CAND1 promoted HCC and lipid synthesis by impairing the FBXO11-mediated hnRNPA2B1 degradation
Knocking down CAND1 inhibited Huh7 and Hep3B cell proliferation. However, the inhibition of proliferation was reversed by hnRNPA2B1 expression (Fig. 7L-M). Moreover, overexpression of hnRNPA2B1 reversed the effects of CAND1 knockdown on tumor cell migration and invasion (Fig. 7N-O). Western blot analysis confirmed that CAND1 knockdown downregulated hnRNPA2B1 expression, and treatment with shFBXO11 reversed the effect of CAND1 knockdown on hnRNPA2B1 expression (Fig. 7P). Furthermore, the increase in hnRNPA2B1 protein expression and lipid synthesis caused by CAND1 overexpression was reversed by FBXO11 (Fig. 7Q-R). These findings demonstrate that CAND1 functions in HCC by impairing FBXO11-mediated hnRNPA2B1 degradation.

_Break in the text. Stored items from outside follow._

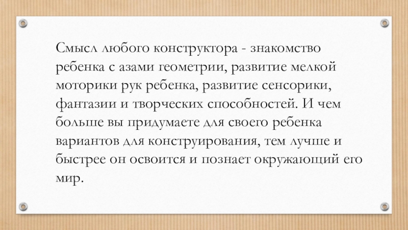 Слайд 30Смысл любого конструктора - знакомство ребенка с азами геометрии, развитие мелкой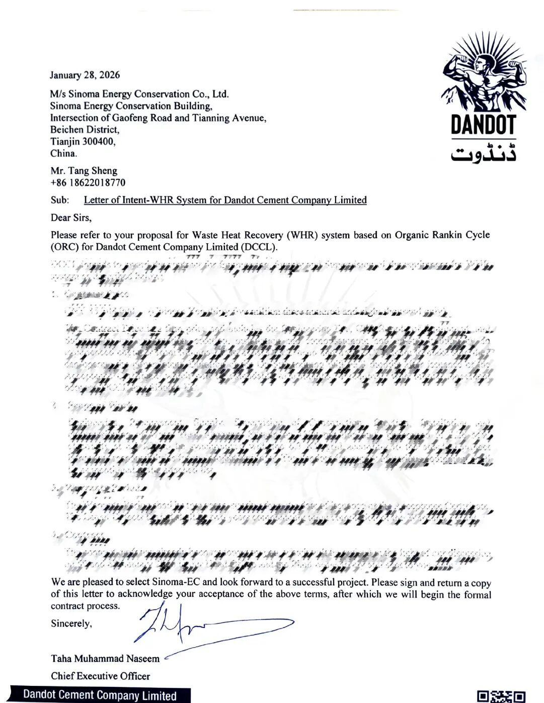 On January 29th, 2026, Sinoma Energy Conservation Ltd. officially received the Letter of Award for the Engineering, Procurement, and Construction (EPC) contract of the waste heat power generation project from Dandot Cement Company Limited in Pakistan.
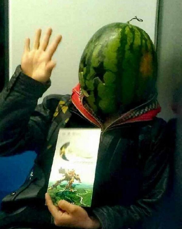В китайском метро появился неординарный персонаж. В последнее время человек-арбуз появлялся в поезде...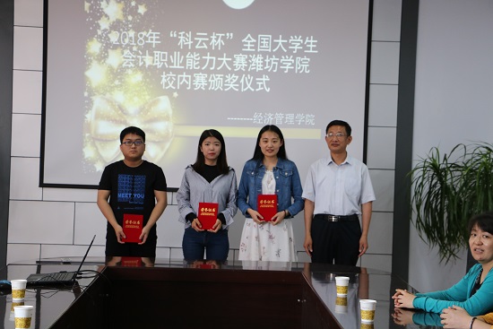 5月26日下午三点半,潍坊学院经济管理学院在致远楼409会议室成功地举行了“科云杯”会计职业能力大赛校内赛的颁奖仪式,莅临本次颁奖仪式的领导有经济管理学院党总支书记郎益伟,院长刘鹏,党总支副书记王海梅,副院长刘建波,学生工作办公室主任徐会全,团总支副书记于敏,会计教研室主任刘孝民以及经济管理学院老师黄雷、郎丰伟。在比赛中获奖的同学也参加了本次颁奖仪式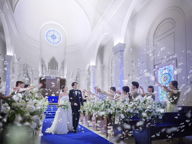 | おすすめ ポイント | 天井高15M バージンロード18M、エリアで最大級の『独立型大聖堂』。ゲストが惹きこまれるようなロイヤルブルーのバージンロードが、とても魅力的!フェアではチャペルをゆっくり見学したり、模擬挙式も開催中 |
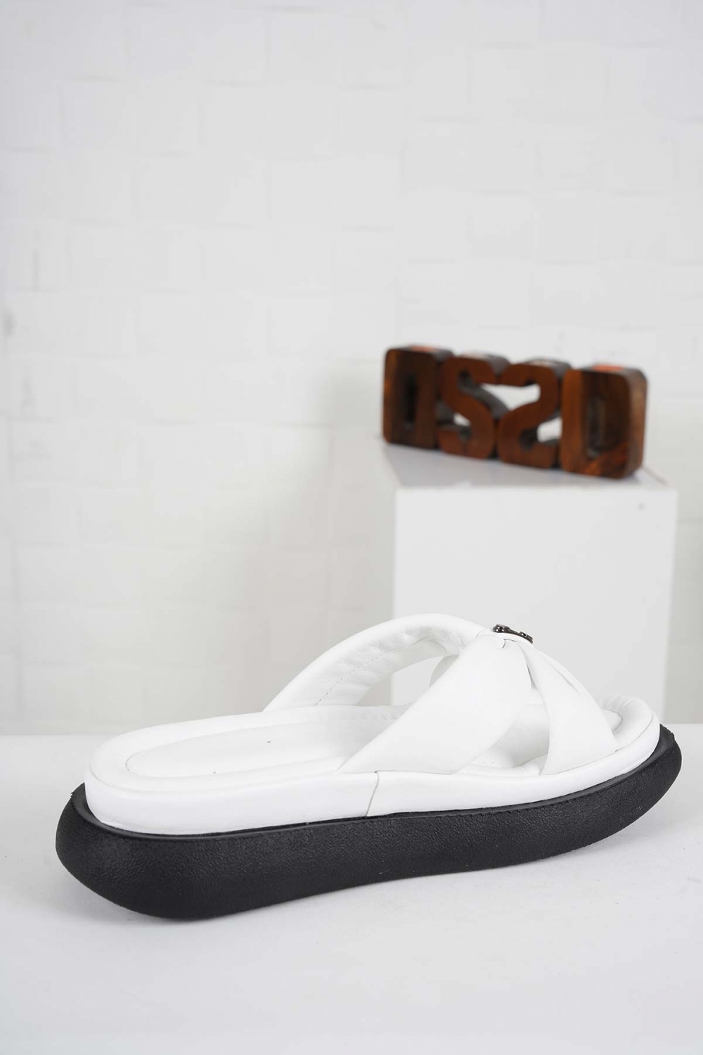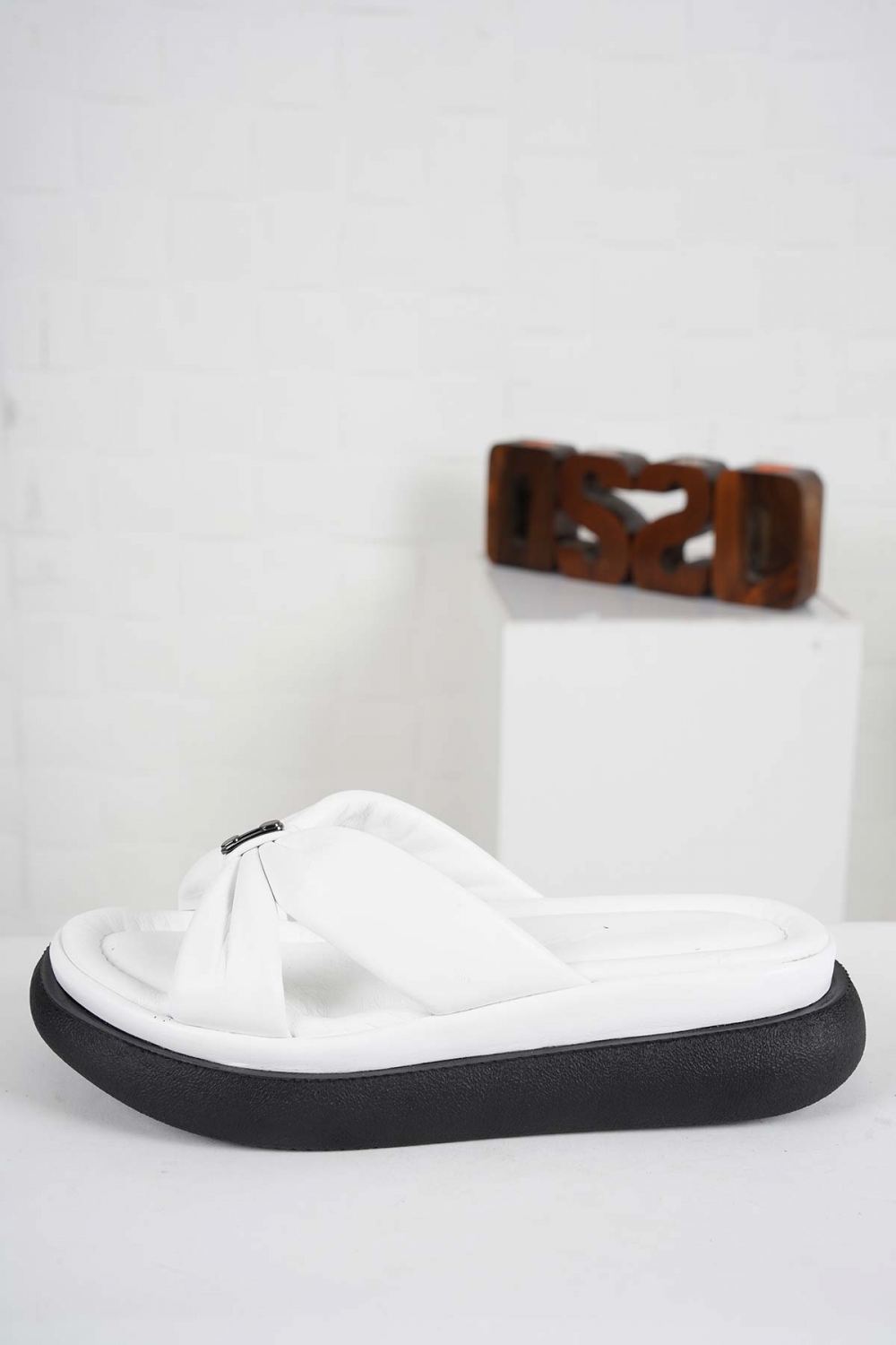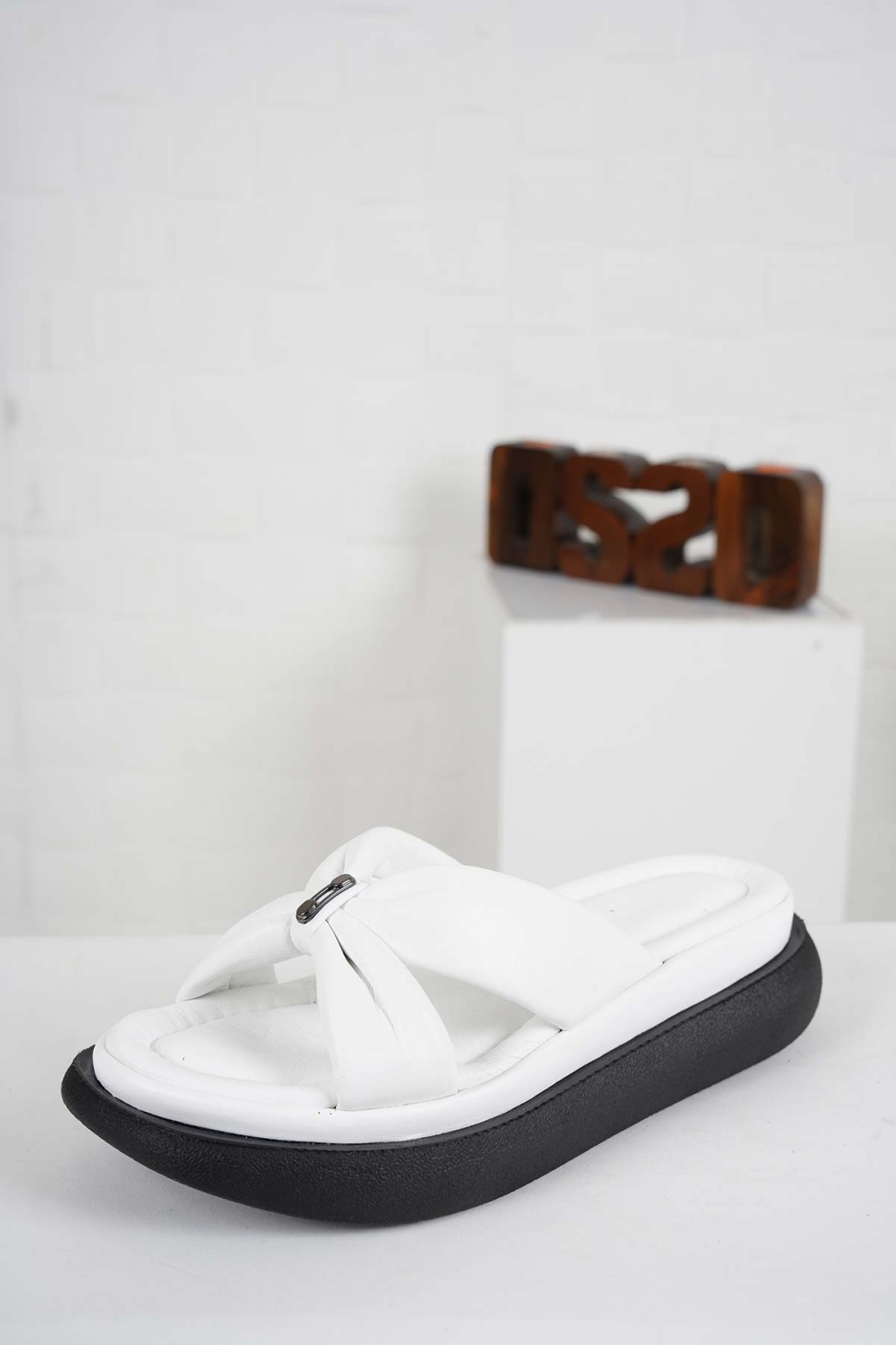 Hakiki Deri Beyaz Kadın Komfort Terlik 241229604

Targeting CAND1 efficiently suppresses HCC
We used PDX mouse model to test whether targeting CAND1 was an effective strategy against HCC. Intratumoral injection of shCAND1 potently downregulated CAND1 expression, inhibited tumor growth, and decreased tumor volume without alteration of mouse body weight (Fig. 8A-C). Injection of shCAND1 also decreased IFP in the center of the tumors (Fig. 8D). Moreover, the survival of nude mice was significantly improved in the group injected with shCAND1 compared to that in the control group (Fig. 8E). PDX tumors with shCAND1 injection showed smaller sizes and lower weights than control group (Fig. 8F-G). Results of immunohistochemistry validated the descent of CAND1, hnRNPA2B1, fatty acid biosynthesis related proteins (FASN, ACC1 and ACLY) and lipid accumulation due to intratumoral injection of shCAND1 (Fig. 8H). We also used myr-AKT/NRASV12-induced mouse liver cancer model to test the strategy, which exhibited abnormal lipid metabolism. Mice with injection of shCAND1 lentivirus displayed decreased tumor numbers and tumor sizes as well as reduced lipid accumulation compared to control mice (Fig. 8I). In addition, hnRNPA2B1, FASN, ACC1 and ACLY were also significantly downregulated in the mice injected with shCAND1 lentivirus (Fig. 8J). These results suggest that targeting CAND1 is a potent strategy against HCC.